══ Material provided

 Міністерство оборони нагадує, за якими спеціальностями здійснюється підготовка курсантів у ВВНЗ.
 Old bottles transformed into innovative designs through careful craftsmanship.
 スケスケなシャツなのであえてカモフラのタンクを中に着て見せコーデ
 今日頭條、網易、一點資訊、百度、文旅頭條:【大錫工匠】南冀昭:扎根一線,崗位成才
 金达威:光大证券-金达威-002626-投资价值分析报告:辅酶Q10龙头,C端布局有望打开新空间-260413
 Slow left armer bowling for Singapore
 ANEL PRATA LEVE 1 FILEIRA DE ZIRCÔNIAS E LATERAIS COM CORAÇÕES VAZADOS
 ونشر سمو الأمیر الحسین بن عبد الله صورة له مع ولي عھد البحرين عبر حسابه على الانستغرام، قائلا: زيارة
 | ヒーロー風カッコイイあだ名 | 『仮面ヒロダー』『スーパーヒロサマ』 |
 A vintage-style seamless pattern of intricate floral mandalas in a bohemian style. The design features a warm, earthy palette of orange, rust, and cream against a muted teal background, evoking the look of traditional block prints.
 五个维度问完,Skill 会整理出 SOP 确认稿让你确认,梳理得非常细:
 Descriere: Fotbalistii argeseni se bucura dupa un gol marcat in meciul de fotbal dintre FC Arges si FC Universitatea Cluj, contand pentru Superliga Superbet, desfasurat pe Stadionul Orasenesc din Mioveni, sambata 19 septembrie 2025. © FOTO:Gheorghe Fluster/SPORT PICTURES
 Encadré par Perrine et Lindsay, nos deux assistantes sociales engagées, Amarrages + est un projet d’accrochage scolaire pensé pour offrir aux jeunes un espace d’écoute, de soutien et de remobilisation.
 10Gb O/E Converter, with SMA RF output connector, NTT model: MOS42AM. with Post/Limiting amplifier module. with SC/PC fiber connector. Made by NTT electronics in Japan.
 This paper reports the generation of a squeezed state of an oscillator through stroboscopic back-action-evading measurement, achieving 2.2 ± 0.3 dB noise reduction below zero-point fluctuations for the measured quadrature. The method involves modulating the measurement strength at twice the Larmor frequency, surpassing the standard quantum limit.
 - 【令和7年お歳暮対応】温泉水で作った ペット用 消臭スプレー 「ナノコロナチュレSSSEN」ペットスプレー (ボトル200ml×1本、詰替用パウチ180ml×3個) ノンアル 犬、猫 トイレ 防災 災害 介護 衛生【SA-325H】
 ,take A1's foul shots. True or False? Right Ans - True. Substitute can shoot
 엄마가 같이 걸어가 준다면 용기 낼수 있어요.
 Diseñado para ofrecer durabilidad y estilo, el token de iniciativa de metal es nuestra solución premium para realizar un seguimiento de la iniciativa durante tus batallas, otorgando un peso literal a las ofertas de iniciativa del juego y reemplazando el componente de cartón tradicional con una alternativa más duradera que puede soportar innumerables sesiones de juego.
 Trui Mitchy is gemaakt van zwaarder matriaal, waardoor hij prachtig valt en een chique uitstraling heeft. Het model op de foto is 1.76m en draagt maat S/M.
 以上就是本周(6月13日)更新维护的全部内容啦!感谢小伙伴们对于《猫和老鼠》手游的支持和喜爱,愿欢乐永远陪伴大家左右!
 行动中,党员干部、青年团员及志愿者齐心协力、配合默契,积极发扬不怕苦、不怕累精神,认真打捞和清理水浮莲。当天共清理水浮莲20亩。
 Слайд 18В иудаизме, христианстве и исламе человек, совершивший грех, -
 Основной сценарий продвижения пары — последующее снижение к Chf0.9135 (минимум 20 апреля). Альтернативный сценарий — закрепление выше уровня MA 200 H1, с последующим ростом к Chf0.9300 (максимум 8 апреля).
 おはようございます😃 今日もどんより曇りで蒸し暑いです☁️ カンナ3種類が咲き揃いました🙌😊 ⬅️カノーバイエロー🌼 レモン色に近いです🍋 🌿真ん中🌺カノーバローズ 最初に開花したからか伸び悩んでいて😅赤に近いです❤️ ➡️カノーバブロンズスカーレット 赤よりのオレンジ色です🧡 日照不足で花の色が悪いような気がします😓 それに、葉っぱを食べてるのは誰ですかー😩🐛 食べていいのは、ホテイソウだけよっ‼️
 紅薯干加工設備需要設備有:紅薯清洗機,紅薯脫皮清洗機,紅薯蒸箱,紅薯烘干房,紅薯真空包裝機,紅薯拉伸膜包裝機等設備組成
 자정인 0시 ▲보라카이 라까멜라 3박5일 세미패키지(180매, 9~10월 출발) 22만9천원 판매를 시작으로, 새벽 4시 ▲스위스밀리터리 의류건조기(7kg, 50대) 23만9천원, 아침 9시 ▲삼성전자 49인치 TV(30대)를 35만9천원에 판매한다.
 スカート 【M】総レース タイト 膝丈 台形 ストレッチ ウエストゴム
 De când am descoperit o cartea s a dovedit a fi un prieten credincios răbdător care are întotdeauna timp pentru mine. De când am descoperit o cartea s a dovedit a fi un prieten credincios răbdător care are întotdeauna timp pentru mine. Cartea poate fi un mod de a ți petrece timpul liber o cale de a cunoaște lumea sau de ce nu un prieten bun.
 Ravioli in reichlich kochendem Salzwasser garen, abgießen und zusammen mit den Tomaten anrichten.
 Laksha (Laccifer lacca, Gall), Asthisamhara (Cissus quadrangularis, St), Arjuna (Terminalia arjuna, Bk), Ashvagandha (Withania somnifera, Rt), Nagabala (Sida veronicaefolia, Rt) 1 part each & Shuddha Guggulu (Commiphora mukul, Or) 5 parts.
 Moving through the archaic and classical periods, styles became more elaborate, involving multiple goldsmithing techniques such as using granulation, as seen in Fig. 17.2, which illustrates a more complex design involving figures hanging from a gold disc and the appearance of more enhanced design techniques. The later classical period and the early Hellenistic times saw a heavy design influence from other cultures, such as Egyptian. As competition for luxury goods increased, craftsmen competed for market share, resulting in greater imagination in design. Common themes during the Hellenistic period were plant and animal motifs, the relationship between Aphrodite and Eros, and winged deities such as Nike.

════

#### Problem description
Write down exactly the span of lines above from the one containing "Slow left armer bowling for Singapore" to the one containing "엄마가 같이 걸어가 준다면 용기 낼수 있어요.", both ends included.

#### Solved problem
 Slow left armer bowling for Singapore
 ANEL PRATA LEVE 1 FILEIRA DE ZIRCÔNIAS E LATERAIS COM CORAÇÕES VAZADOS
 ونشر سمو الأمیر الحسین بن عبد الله صورة له مع ولي عھد البحرين عبر حسابه على الانستغرام، قائلا: زيارة
 | ヒーロー風カッコイイあだ名 | 『仮面ヒロダー』『スーパーヒロサマ』 |
 A vintage-style seamless pattern of intricate floral mandalas in a bohemian style. The design features a warm, earthy palette of orange, rust, and cream against a muted teal background, evoking the look of traditional block prints.
 五个维度问完,Skill 会整理出 SOP 确认稿让你确认,梳理得非常细:
 Descriere: Fotbalistii argeseni se bucura dupa un gol marcat in meciul de fotbal dintre FC Arges si FC Universitatea Cluj, contand pentru Superliga Superbet, desfasurat pe Stadionul Orasenesc din Mioveni, sambata 19 septembrie 2025. © FOTO:Gheorghe Fluster/SPORT PICTURES
 Encadré par Perrine et Lindsay, nos deux assistantes sociales engagées, Amarrages + est un projet d’accrochage scolaire pensé pour offrir aux jeunes un espace d’écoute, de soutien et de remobilisation.
 10Gb O/E Converter, with SMA RF output connector, NTT model: MOS42AM. with Post/Limiting amplifier module. with SC/PC fiber connector. Made by NTT electronics in Japan.
 This paper reports the generation of a squeezed state of an oscillator through stroboscopic back-action-evading measurement, achieving 2.2 ± 0.3 dB noise reduction below zero-point fluctuations for the measured quadrature. The method involves modulating the measurement strength at twice the Larmor frequency, surpassing the standard quantum limit.
 - 【令和7年お歳暮対応】温泉水で作った ペット用 消臭スプレー 「ナノコロナチュレSSSEN」ペットスプレー (ボトル200ml×1本、詰替用パウチ180ml×3個) ノンアル 犬、猫 トイレ 防災 災害 介護 衛生【SA-325H】
 ,take A1's foul shots. True or False? Right Ans - True. Substitute can shoot
 엄마가 같이 걸어가 준다면 용기 낼수 있어요.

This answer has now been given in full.